It doesn't appy in your coding of this function, but note that if an original token results in multiple tokens (spaces or non-period punctuation rules), you must apply the stopword list to <em>each of</em> the resulting tokens.

Also note that something that does not look like a stopword in the original text could become one &ndash; consider "a-n" in the text that will turn into ["a", "n", "an"] by the hyphen rule that will result in having "a" and "an" removed (if they're in the stopword list), but the "n" will be retained.

Those issues should be taken care of in the higher-level user of this function.

In [None]:
def stopping(input_tokens: list[str], stopwords: list[str] = None) -> list[str]:
    """
    Applying stopping to the list of tokens.

    Args:
        input_tokens: the list of tokens that we want to apply stopwords.
        stopwords: the list of stopwords that need to be removed from list of token.
            Default to empty, i.e., do not stop.

    Returns: an array of array of tokens in format,
        [
            sub_token_1_1,
            sub_token_1_2,
            ...
        ], or
        [
            "a.-2./c.",
            "a",
            "2.",
            "c",
            "a2",
            "c"
        ].
    """

    #########
    ##
    ## Implement the function here
    ##
    #########
    if stopwords == None:
      return input_tokens
    else:
      for token in input_tokens:
        if token in stopwords:
          input_tokens.remove(token)
      return input_tokens
     # You will return something before this statement


sample_sentence = 'a.-2./c. and hi'
for token in tokenize_space(sample_sentence):
    stop = stopping(
        tokenize_fancy(token), stopwords=stopwords
    )
    print(token, stop)

Sample Result:

| Phrase | Tokens | Token After Stopping |
| :------ | :------ | :------ |
| a.-2./c. | ['c', '2.', 'a', 'a2'] | ['c', '2.', 'a2'] |
| and | ['and'] | [] |
| hi | ['hi'] | ['hi'] |

### 3. Stemming

After tokenizing the input file and possibly removing stopwords, you will stem each of the tokens in turn using one of these options. Note that stemming operates on every token that is not stopped, though in many cases (e.g., URLs, numbers, tokens that are already their stem) nothing will change. Also note that if a token generated multiple tokens (the spaces or non-period punctuation rules), the stemmer must be applied to each of them.
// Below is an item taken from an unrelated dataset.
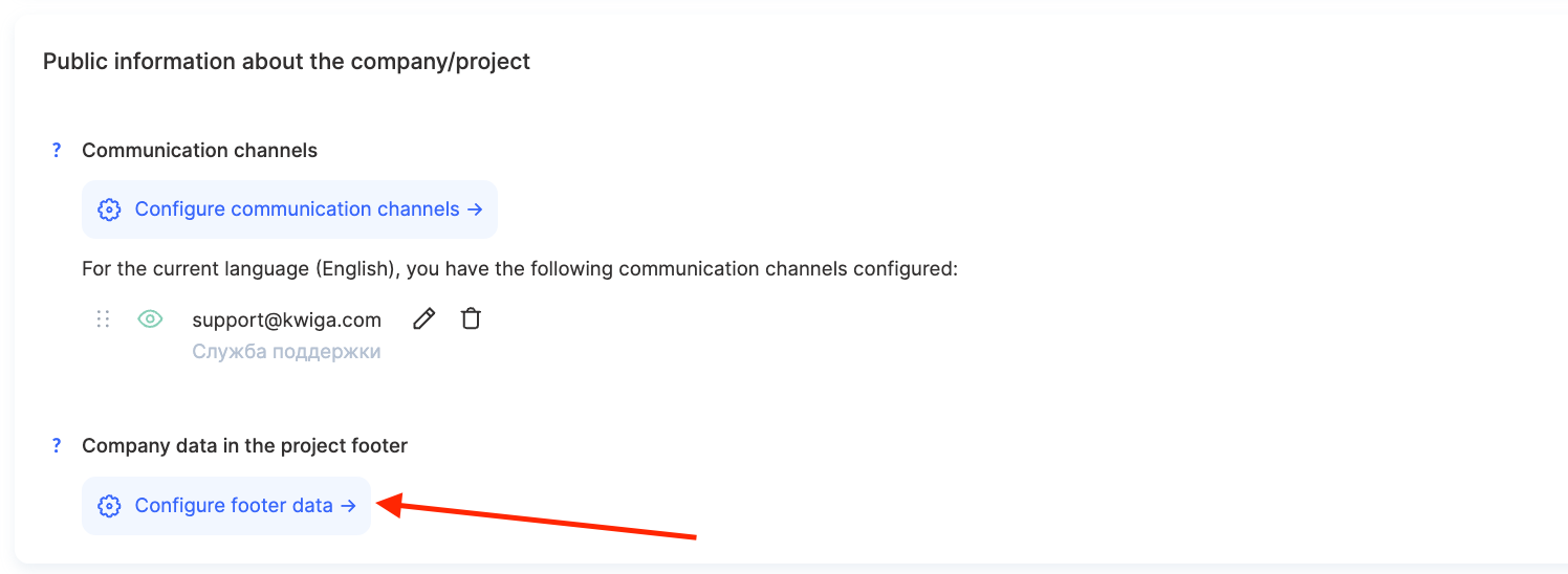 To configure the footer, click on the profile avatar and go to the Project Settings section.

#### 3.1 Stemming "s" suffix
<u><strong>stemming_type=None</strong></u>. means that you apply no stemming, so the token passes unchanged through this step.
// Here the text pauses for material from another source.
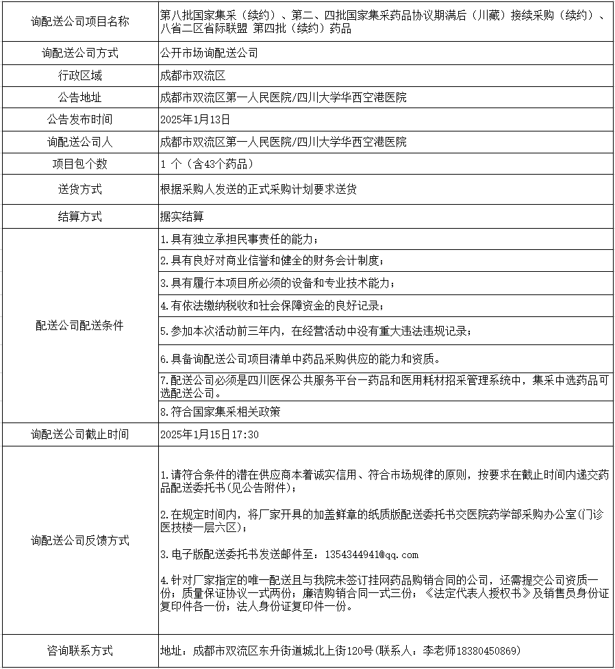 【四川大学华西空港医院】四川大学华西空港医院关于部分集采药品的询配送公司公告

<u><strong>stemming_type=suffix_s</strong></u>. means that you apply the "suffix-s" stemmer, where if the final character of a token is "s" you remove the "s" and otherwise leave the token unchanged.

(Porter comes next)

In [None]:
def stemming_s(input_tokens: list[str]) -> list[str]:
    """
    Applying suffix-s stemming to the list of tokens.

    Args:
        input_tokens: the list of tokens that we want to perform stemming.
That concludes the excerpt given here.